С той поры, как Сам-Суматоха и Павлинка ушли в партизаны, минул почти год. Сейчас Павлинка заслана в город. Она часто встречает бабусю с козой.

– Бабушка, – остановилась однажды девчушка у канавы. – Почему твоя Катька такой взгляд на меня выставляет? Такой взгляд, будто знает она, животина, чего-то такое...

– Может, и знает, – загадала старуха. – Это правильно ты приметила – самостоятельный взгляд. В мире нет живота ни умней, ни упрямей козы. Всех и всяких зверей циркачи могут выучить, а козу – вот вам хвост! Не желает! Ум ей не позволяет персоной своей помыкать. «Была я козой и козой я останусь. А в балаган – не пойду!»

– Но тебя-то она слушает, по дорожкам водит.

– Может, это ей и заповедано – убогому послужить. Оконтузило ее в прошлом году, пока я в бабоубежище, глупая, сиднем сидела. Как заслышит теперь иропланы – ре-ве-еть!..

– Сирену дает, – засмеялась Павлинка.

– Козель, козель, козель!.. – послышался чей-то ласковый голос.

Павлинка оглянулась и предупредила бабусю:

– Немец!

– Козель, козель, козель!

Бабка заторопилась к козе:

–Чего козель? Ее Катькой зовут... Ты чего заухаживал, заподластивался?

– Здрав-ствуй-те, беля-русский старушка! Скажите, пожалуйста, вы есть хозяйка для этот приятна животна?

– Хучь бы я. А чего тебе надо? – нащупала Катькины рожки слепая.

– Мне нужно пить коз-ли-но-е молёко. Я есть немношко больной. Продавайте мне, белярусска старушка, кажды день два-три стаканы козлиное молёко.

– А чего у тебя болит?.. («Поскорей бы скрутило!» – отплюнулась повдоль ветра старушка).

– Как это по-русски?.. Селезень больной. Этот вот селезень, – потрогал германец свой тощий живот. – Домашни мой доктор рекомендоваль моей болезни пить козлиное молёко.

Немец был долговяз и сутул. В разговоре подтягивал правую ногу, жестким рантиком сапога почесывал голенище у левой. Хрящеватый, с большою горбиною нос скучно свешивался с желтовато-печальной физиономии. Голубые, навыкат, глаза с красной сеткой прожилок в белках с просительной грустью смотрели на Катькино вымечко, на слепую старушку, на Павлинку.

– Я даю вам настоящий марки. Пусть смотрит девочка. Я даю вам... Это аванс! Ма-га-рытч!

– Не за что нам с тобой его пить. Тебе само пользительно поскорей... копыт откинуть... – подбирала невнятные немцу иносказания лихая старуха. – Не будет тебе молока! Коза чуть присягу не приносила...

Павлинка во время дернула бабку за кофту. Ведь сейчас распалится, встопорщится старая и пойдет, понесет, как тогда за иконку.

– А где вы живете и служите, если вам молока приносить? – вступила в переговоры девочка.

– Служу я в депо. Там есть мой кабинет и кровать. Я есть не солдат, не военни, я есть инженер. Этот день я пошёль сам край города смотреть специальни коза.

– Вам, стало быть, прямо в депо приносить? – зачастило у Павлинки сердечко.

– Да не дам я ему молока, сотлей его селезенка! – опять взбунтовалась старуха.

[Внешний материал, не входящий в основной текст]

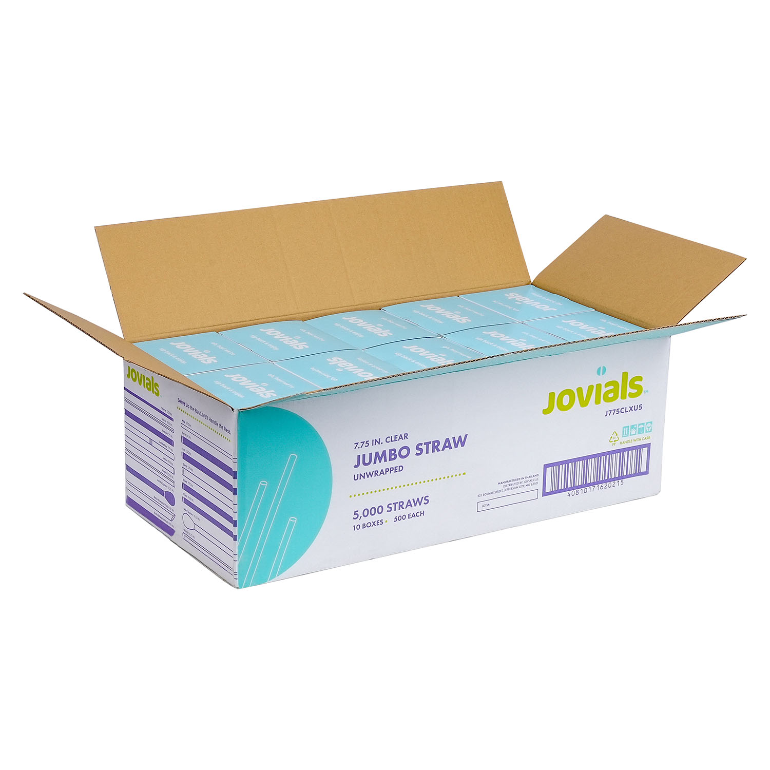 Designed for water, juice, and soda, Jovials Jumbo Black 7.75" Straws come unwrapped for quick and easy use. Conveniently boxed and ideal for high-traffic food service locations with bulk dispensers.
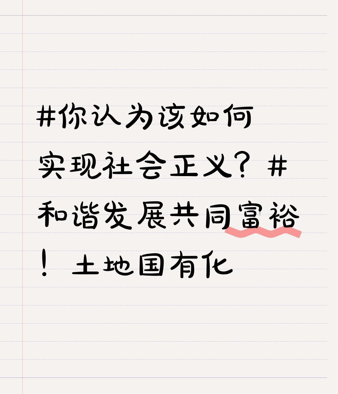 要实现社会正义、达成和谐发展共同富裕,土地国有化是重要一步。土地国有化能避免土地资源被少数人垄断,让土地更好地服务大众。 在经济上,要坚持以公有制为主体,多种所有制经济共同发展,完善按劳分配为主体、多种分配方式并存的分配制度,注重公平和效率的平衡。比如在分配社会资源和发展成果时,要让全体人民共享。 政治上,坚持党的领导,完善人民代表大会制度,依法治国,发展民主,维护公平正义。文化方面,发展先进文化,实施科教兴国和人才强国战略,提高全民素质。只有多方面协同推进,才能实现社会正义与共同富裕。
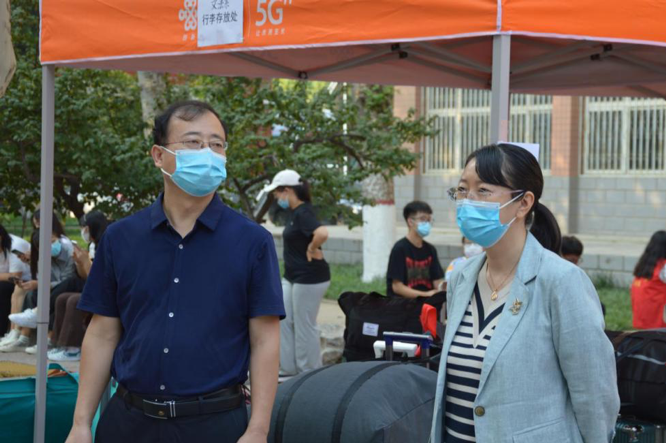 王鸿喜和张丽媛在迎新现场随时处理学生问题

– Погоди же ты, бабка! У меня у самой есть коза. Еще лучше твоей. Настоящие марки вы обещаете, пан инженер?

– О, да! Спрашивайте инженер Гюнтер. Вы славна девочка. Возьмите.

Немец отсчитал ей несколько мелких купюр.

– А меня...пустят туда... к вам?

– О, да. Делаем так. Завтра утром в десять часов ждите меня у вокзальна комендатура. Я вам делаю пропуск. Инженер Гюнтер больной человек, но инженер Гюнтер отлични специалист. Он должен жить, быть здорова и много работать.

Гюнтер расчувствовался, достал из кармана платок.

Коза вдруг заметалась, тревожно заблеяла, поскорее упрятала мудрые очи и бороду в бабкином фартуке. Над городком набирали высоту немецкие самолеты. Это с окрестных аэродромов. И в погожие дни, и по звездным ночам вздымаются с них хищные, наглые стаи бомбардировщиков, взмываю! в подвысь юркие стремительные клинья истребителей.

К Москве. На Москву.

– Я буду завтра ожидайт, – протянул Павлинке тонкую бледную руку Понтер.

Приняла. Пожала.

* * *

Операцию так и назвали: «козлиное молоко».

В первые дни Павлинка носила пану Гюнтеру просто коровье, сливая из маминых кринок густые вершки, а через несколько дней Сам-Суматоха привел ей от лесника Кукаречки козу.

– Сам два раза доил. Ох, вкуснятина! Я дою, а волки из-за кустов смотрят, облизываются.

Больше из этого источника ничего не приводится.